Quase 900 mil famílias brasileiras recebem mais de auxílios do que teriam com carteira assinada, segundo estudo inédito da DataBrasil. A pesquisa integra microdados de diversos programas sociais sobre políticas de emprego no país. O ganho agregado supera o salário mínimo líquido em muitos casos.

O levantamento aponta que 895 mil famílias correspondem a 4,41% do total de beneficiários. O cálculo considera o valor de auxílios federais, estaduais e municipais somados ao rendimento líquido de quem ganha o salário mínimo estimado em 2025.

Os autores destacam que o efeito conjunto dos auxílios nem sempre é considerado no debate público. Assumir um emprego formal pode significar abrir mão de um conjunto de benefícios cuja soma pode superar a renda líquida de um trabalhador com escolaridade semelhante.

Exemplo prático em Goiás

Em Goiás, uma mãe solo com dois filhos adolescentes pode acumular até R$ 2.090,53 mensais entre Bolsa Família, Pé-de-Meia, Mães de Goiás, Aluguel Social e Bolsa Estudo. Esse montante supera o que a família obteria com a formalização.

Com isso, pesquisadores chamam a situação de “armadilha de segurança”: permanecer fora do mercado de trabalho torna-se racional, mesmo que o total recebido seja inferior ao salário mínimo.

Descompasso entre renda do trabalho e renda de menor idade

O estudo destaca que bolsas de estudo (CAPES/CNPq) e rendas de aprendizes ou estagiários não contam como renda laboral para programas assistenciais. Assim, a família pode manter benefícios se o jovem trabalhar como aprendiz, mas perder tudo se um dos adultos aceitar um emprego CLT.

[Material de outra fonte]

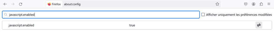 Si vous souhaitez modifier la valeur et activer ou désactiver JavaScript dans Firefox, cliquez sur l’icône à droite montrant deux flèches qui pointent dans des directions différentes.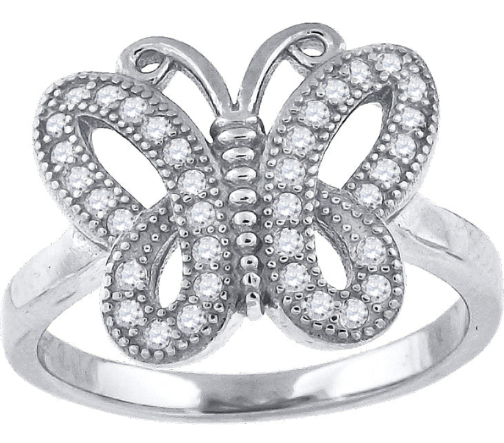 Keene Jewelers 925 Sterling Silver Womens Cubic-Zirconia Butterfly Fashion Ring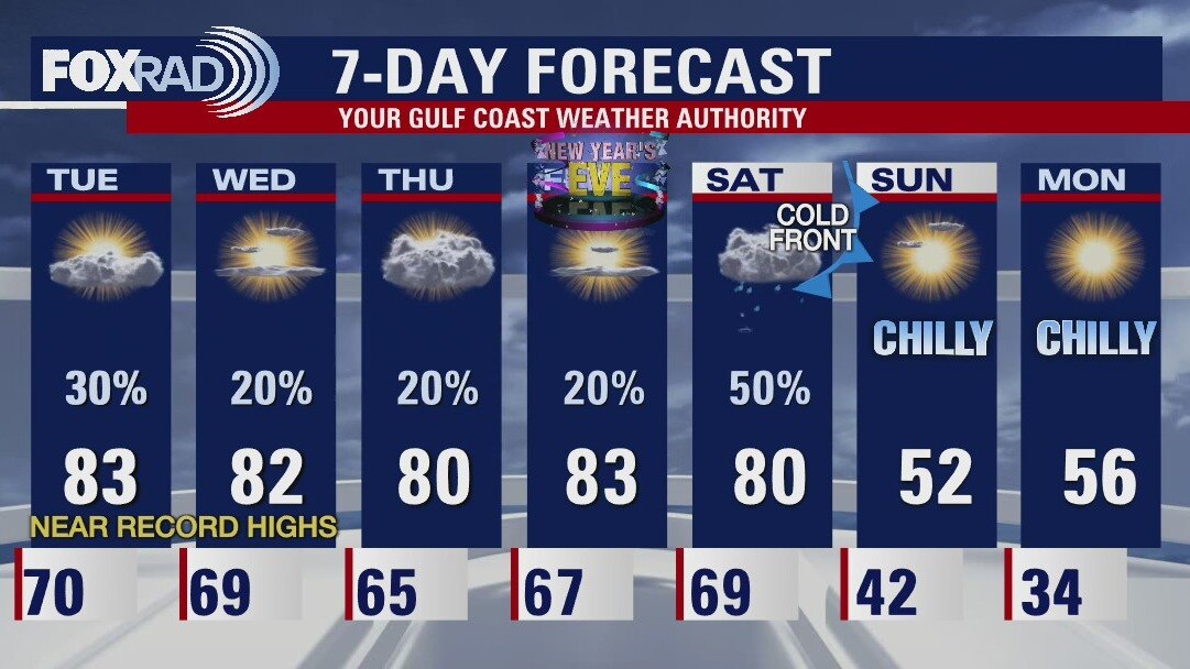 Houston will see a warm end to December with afternoon highs in the lower 80s all week. We will finish the month as the warmest December on record. Southeast Texas will see a brief cold blast as a front arrives in the middle of this upcoming weekend.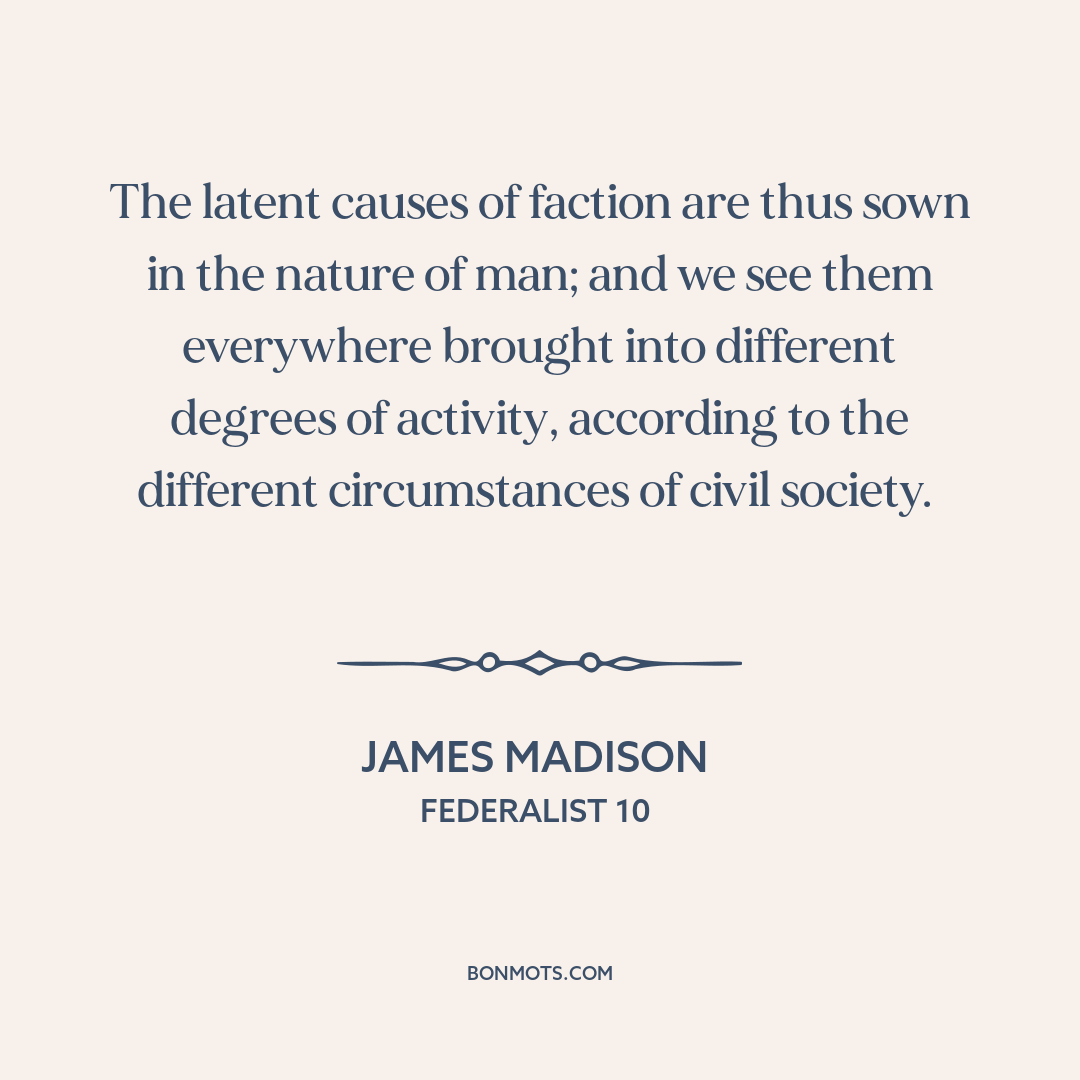The latent causes of faction are thus sown in the nature of man; and we see them everywhere brought into different degrees of activity, according to the different circumstances of civil society.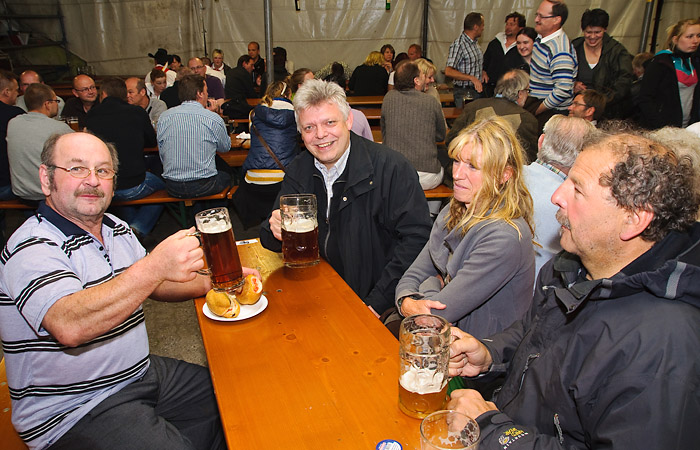 2013 hatte der Erlanger Filmemacher und Redakteur des Bayerischen Fernsehens, Studio Franken in Nürnberg, Rüdiger Baumann die Ehre, das erste Fass Bergkirchweihbier anzustechen, was ihm dank des speziellen Hahns auch bravourös gelang. Gonzos Dixie-Combo heizte in gewohnter Weise mit schnellen Rhythmen und den altbekannten Gags ein; dazu schmeckten Brunner-Bratwürste und das köstliche Biergulasch des Hauses nach einem Originalrezept von Sophie Steinbach. Alle Besucher waren glücklich und zufrieden an diesem lauen Frühlingsabend. Einer war es aber ganz besonders: Christof Jäger hatte auf 15 Minuten genau geraten, wann heuer der erste Steinbach-Storch auf dem Horst über der Brauerei auftaucht. Jetzt konnte er dafür ein 30-Liter-Fass des Altstädter Elixiers in Empfang nehmen.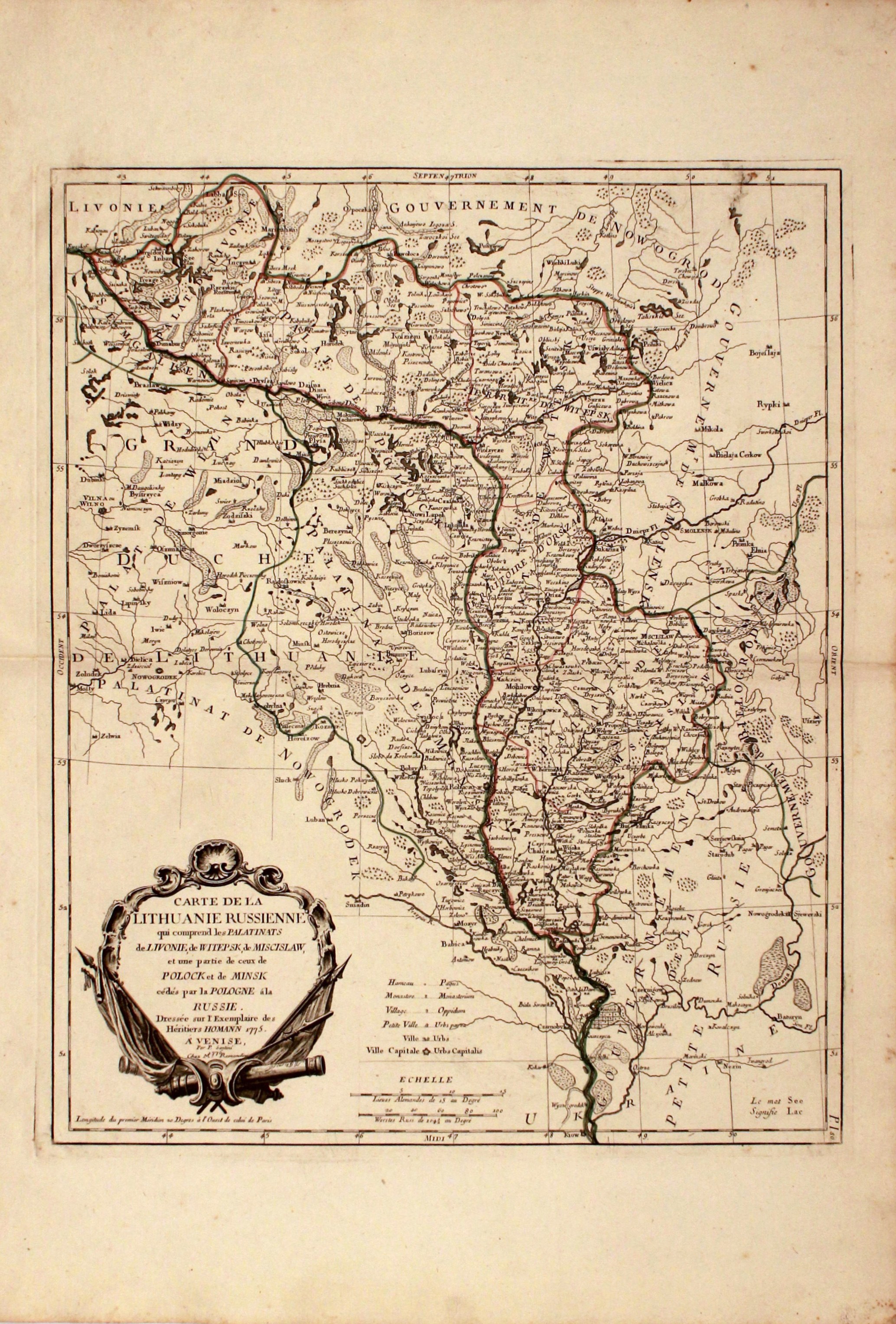 LITWA. Mapa ziem odebranych Wielkiemu Księstwu Litewskiemu przez Rosję po I rozbiorze; na podstawie mapy z Oficyny Spadkobierców Homanna 1775; ryt. Paolo Santini, wyd. G.A. Remondini, Paryż 1776; miedz. cz.-b. z kolorem liniowym, st. bdb., niewielkie rdzawe zabrudzenia na marginesach; wym. płyty: 455x560 mm; CARTE DE LA LITHUANIE RUSSIENNE qui comprend les PALATINATS de LIVONIE, de WITEPSK, de MISCISLAW, et une partie de ceux de POLOCK et de MINSK…;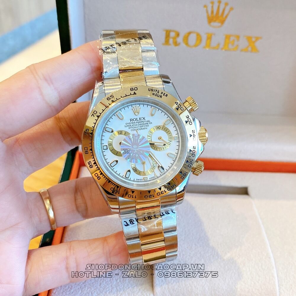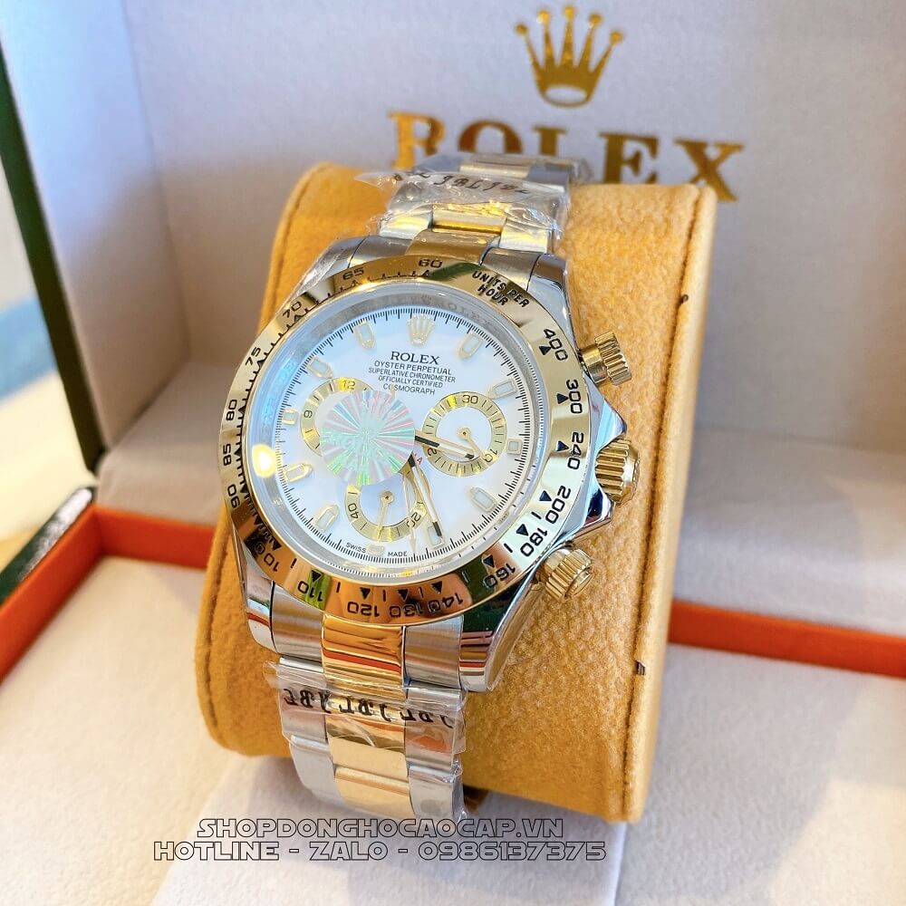 - Đồng Hồ Rolex Daytona Tự Động Nam Dây Kim Loại Demi Trắng 40mm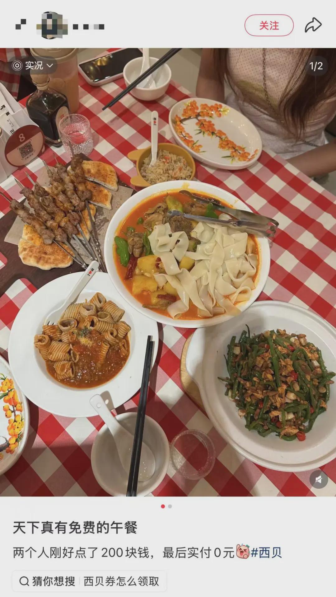 社交媒体上,不少网友晒出了自己用代金券后的价格。有网友表示,“两个人刚好点了200块钱,最后实付0元。”这一消息迅速引发了其他网友的羡慕和热议。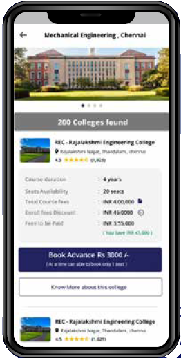 Booking a seat in Enrolin is easy. On your mobile Enrolin app, on home page, select your country, degree, educational stream, mode of study and preferred college location. Click search and voila! You have a list of colleges that you can browse through and select from. Enrolin app also offers personalized offers.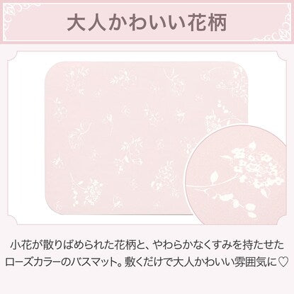 小花が散りばめられた花柄と、やわらかなくすみを持たせたローズカラーのバスマット。敷くだけでバスルームを大人かわいい雰囲気に演出♡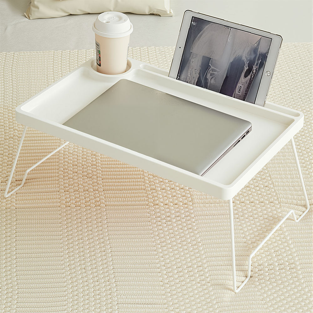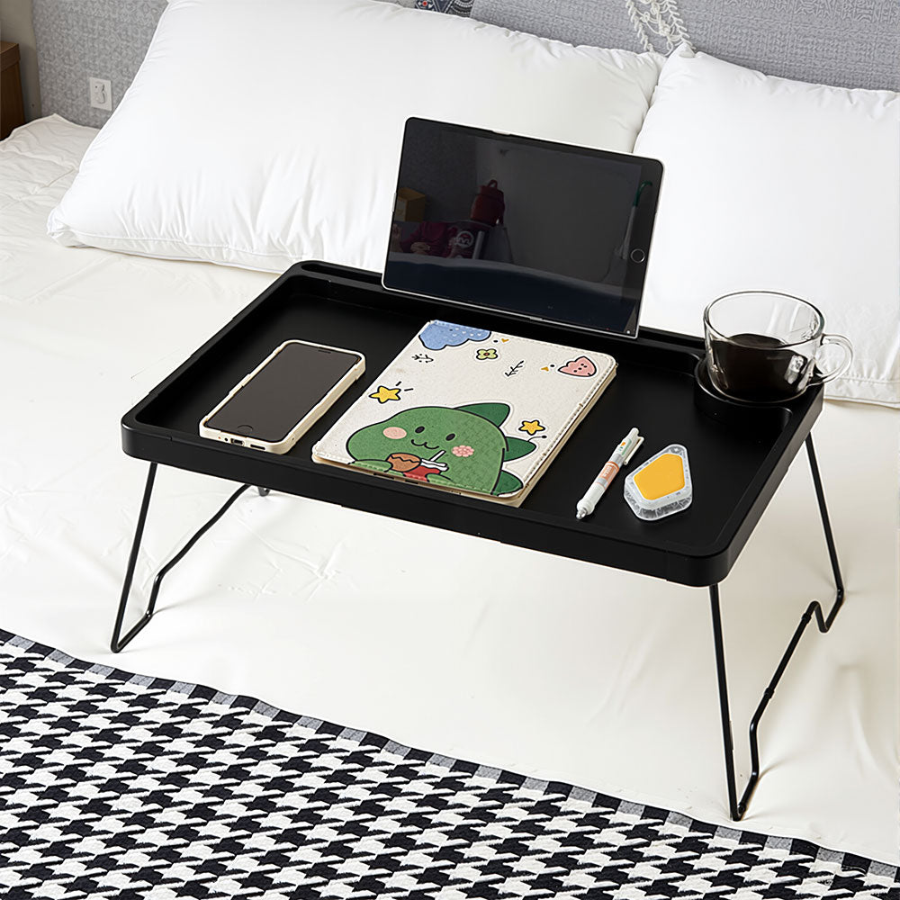 This bed table offers both style and practicality for a variety of uses. The generous tabletop provides ample room for your laptop, books, snacks, or morning coffee. A PP top ensures resistance to scratches and water penetration, making it as durable as it is stylish. Lightweight yet sturdy, the foldable metal frame allows for effortless storage when not in use, making it ideal for compact living spaces. Whether enjoying breakfast in bed, working from home, or unwinding with a good book, this versatile table adapts beautifully to your needs.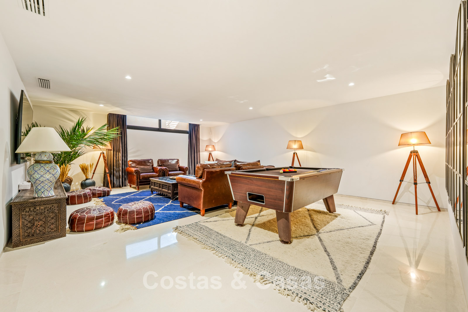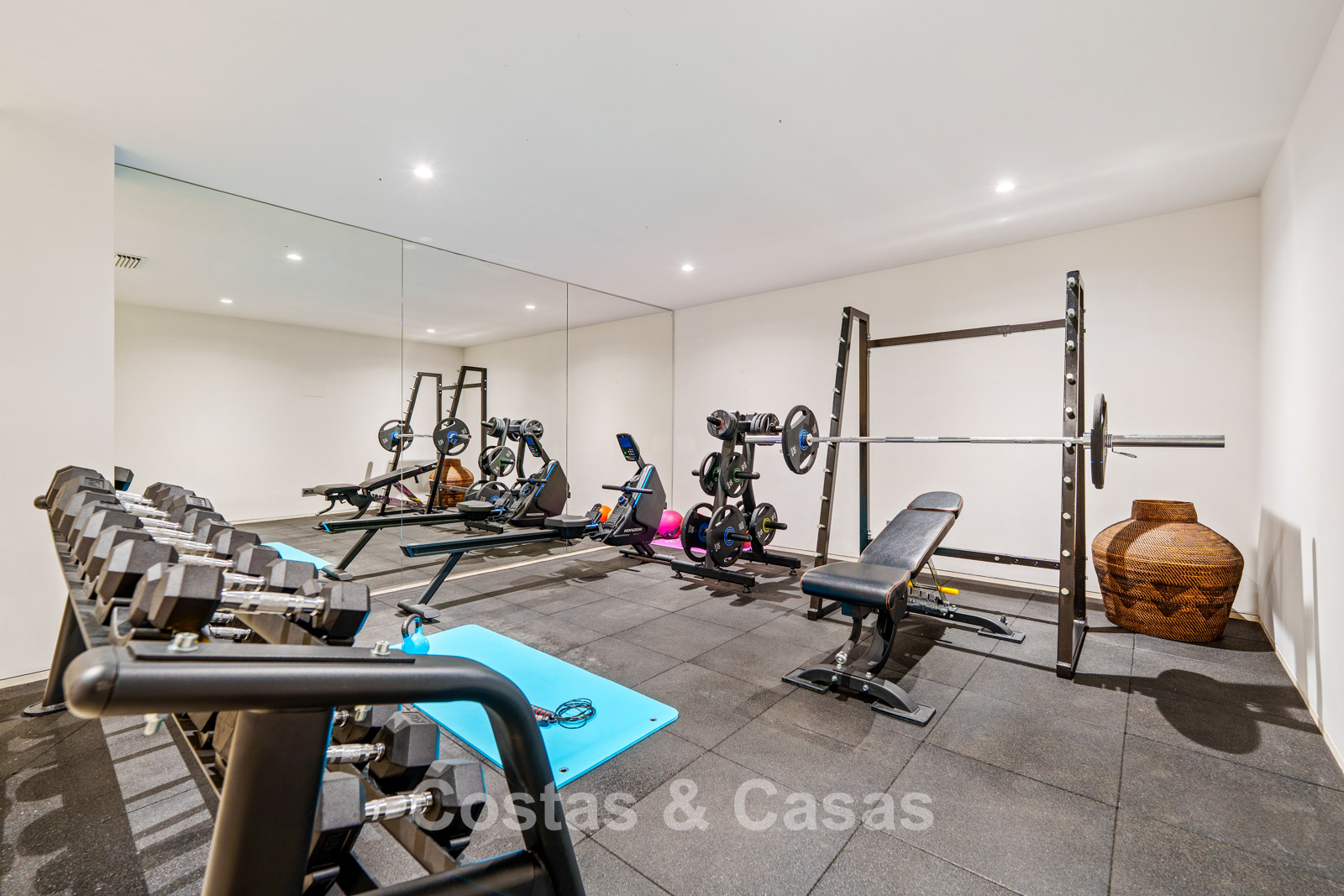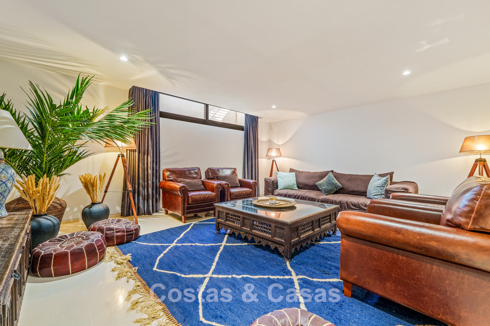 Detached villa with contemporary and minimalist architecture. High-quality finishes using natural materials such as stone, wood and luxurious textiles. Large floor-to-ceiling sliding glass doors seamlessly connect indoor and outdoor living spaces. Atmospheric living room with designer furniture, warm lighting and refined detailing. A modern, fully equipped open-plan kitchen flowing naturally into the dining area. Six spacious bedrooms, each with its own luxurious en-suite bathroom. Equipped with a private gym and a luxury TV lounge with leather sofas. Practical utility room and additional storage space. Private garage and additional on-site parking for a total of two vehicles.

Caso extremo apontado envolve doutores bolsistas ou tutores que somam bolsas com o Bolsa Família, atingindo rendas superiores a R$ 5 mil mensais de forma legal.

Fragmentação familiar e impactos

A nota técnica aborda o fenômeno do *household splitting*: dividir artificialmente a família no Cadastro Único para multiplicar recebimentos. Estima-se que 1,4 milhão de famílias omitiriam o cônjuge para manter o benefício.

Quando famílias declaradas como distintas vivem no mesmo lar, é possível obter o piso do benefício duas vezes, distorcendo a medição de pobreza com renda per capita incorreta.

Para a DataBrasil, a estrutura atual funciona como uma “taxa marginal implícita” sobre o salário: entrar no mercado reduz o benefício, tornando o ganho líquido de trabalhar muito pequeno.

Consequências e desafios do desenho atual

Especialistas apontam desincentivo ao trabalho formal, com custos de transporte e cuidado pessoal elevados. Também há pressão fiscal ao destinar recursos a quem já saiu da extrema pobreza, reduzindo verbas para famílias mais vulneráveis.

Há ainda risco previdenciário, pois a menor contribuição formal tende a ampliar a dependência de benefícios no futuro. O estudo reconhece a importância da proteção social, mas ressalta falhas na integração entre diferentes tipos de renda.

Caminhos apontados pelos pesquisadore

Entre as propostas, está a necessidade de integrar melhor os sistemas de assistência, de forma que rendas de natureza semelhante sejam tratadas de modo uniforme. O objetivo é reduzir barreiras à autonomia econômica das famílias mais pobres.